Категории
Самые читаемые
Лучшие книги » Проза » Советская классическая проза » Свобода в широких пределах, или Современная амазонка - Александр Бирюков

Свобода в широких пределах, или Современная амазонка - Александр Бирюков

Читать онлайн Свобода в широких пределах, или Современная амазонка - Александр Бирюков

Шрифт:

-
+

Интервал:

-
+

Закладка:

Сделать
1 ... 101 102 103 104 105 106 107 108 109 ... 117
Перейти на страницу:

— Но ведь строили! — завозражал, угадав, о чем она думает, архитектор С. — Только война кончилась, — представляете, что было, — а в Москве стали строить высотные здания. МГУ, новое здание, это вы знаете, приняло студентов уже в пятьдесят четвертом году, через девять лет после конца войны! А это, вы тоже знаете, громадное и по нынешним меркам сооружение. И все остальные здания — Министерство иностранных дел на Смоленской площади, административное здание у Красных ворот, гостиницы «Украина» и «Ленинград», жилые дома на площади Восстания и Котельнической набережной — они ведь все в то же время, чуть раньше или чуть позже, были закончены. А тоже будь здоров домики!

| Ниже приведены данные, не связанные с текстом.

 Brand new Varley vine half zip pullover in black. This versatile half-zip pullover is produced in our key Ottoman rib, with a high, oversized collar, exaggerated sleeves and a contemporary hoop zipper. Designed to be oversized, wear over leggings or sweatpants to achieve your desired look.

Конечно-конечно, все это очень интересно, но, кажется, звонить маме не придется — не будет она здесь задерживаться. Хотя Алик Пронькин и строит ей из-за плеча архитектора С. веселые рожи, но… Не тот случай, да? Она-то это лучше понимает. И в том сне С. вроде с неба не падал, в тот ряд не становился — качался над залом на какой-то трапеции почему-то. А что эта трапеция означает? Ничего, наверное. Или: высокий полет души, возвышенность помыслов… Может быть, но она-то здесь при чем? Ни при чем, точно. Ему скучно типовые коробки привязывать, и он придумал себе игрушку на всю жизнь — проект новой столицы. Вот пусть и играет. Или все-таки падал?

— А как она будет называться? — спросила Нина.

— Кто?

— Ну столица ваша.

— Не знаю. Ничего не придумывается. Но, наверное, нужно как-то с Сибирью связывать: Сибирск, Тайга… Но, я вижу, вам это не очень интересно.

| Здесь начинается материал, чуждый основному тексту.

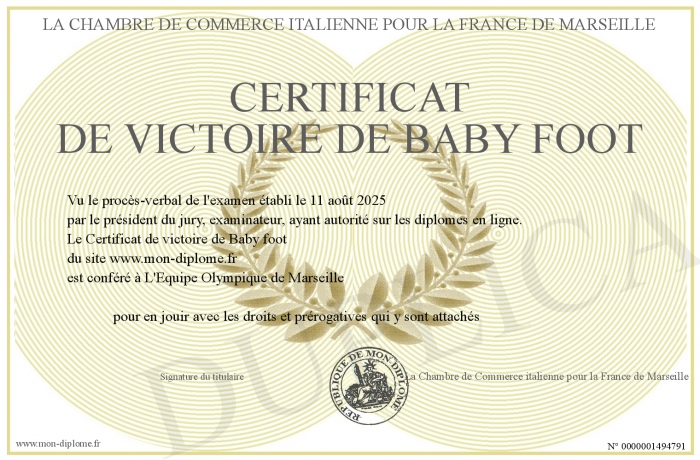 Envoyez par email votre Certificat de victoire de Baby foot personalisé

— Отчего же? — соврала Нина. — А что специалисты говорят?

— Да в общем-то, ничего. В принципе все сводится к тому, что затея эта преждевременная, а может, и вовсе несбыточная.

— Но вы так не считаете?

— И да, и нет.

Тихий городской сумасшедший. Вежливый, доброжелательный, а там, в тире, своих врагов одного за другим неоднократно расстреливает — мысленно, конечно. А она-то думала, что он ее распростертой фигурой любуется. Да ему, наверное, ненависть все застит, весь мир, а не только какие-то там ножки. Так что пусть Пронькин успокоится и перестанет подмигивать. Какое дело амазонке до воздушных замков и их строителей? Это ведь из совсем другой оперы.

Но ведь падал же он тогда с колосников! Сейчас она это точно вспомнила.

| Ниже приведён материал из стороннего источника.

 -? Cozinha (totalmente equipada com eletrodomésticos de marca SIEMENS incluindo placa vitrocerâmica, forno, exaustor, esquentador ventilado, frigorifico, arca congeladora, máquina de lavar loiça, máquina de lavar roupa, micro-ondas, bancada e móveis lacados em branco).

Она уже уходила, заглянула напоследок, в пальто, в пустую комнату, удивилась, сразу не увидав его, скользнула взглядом по занятным, но не более того, картинкам на стенах и только тут увидела хозяина, замершего у окна: вцепился в подоконник обеими руками и дрожит… А это он плачет, оказывается. Смешно?

Еще смешнее, что она, только догадавшись, что он плачет (так и поверила сразу — а вдруг бы он хохотал в этот момент по неизвестной причине?), так же молча, как и одевалась, сняла пальто, пересекла комнату и пристроилась щекой к его вздрагивающей спине. Ну не дура ли? И это она — стремительная и безжалостная амазонка, столько их, ничтожных и жалких, истоптавшая своими стальными шпильками, стольких выбросившая под тяжелые колеса — и вот разжалобилась. Но, выходит, она никогда в жизни, то есть на самом деле, не видела, как они плачут. А они тоже плачут, оказывается.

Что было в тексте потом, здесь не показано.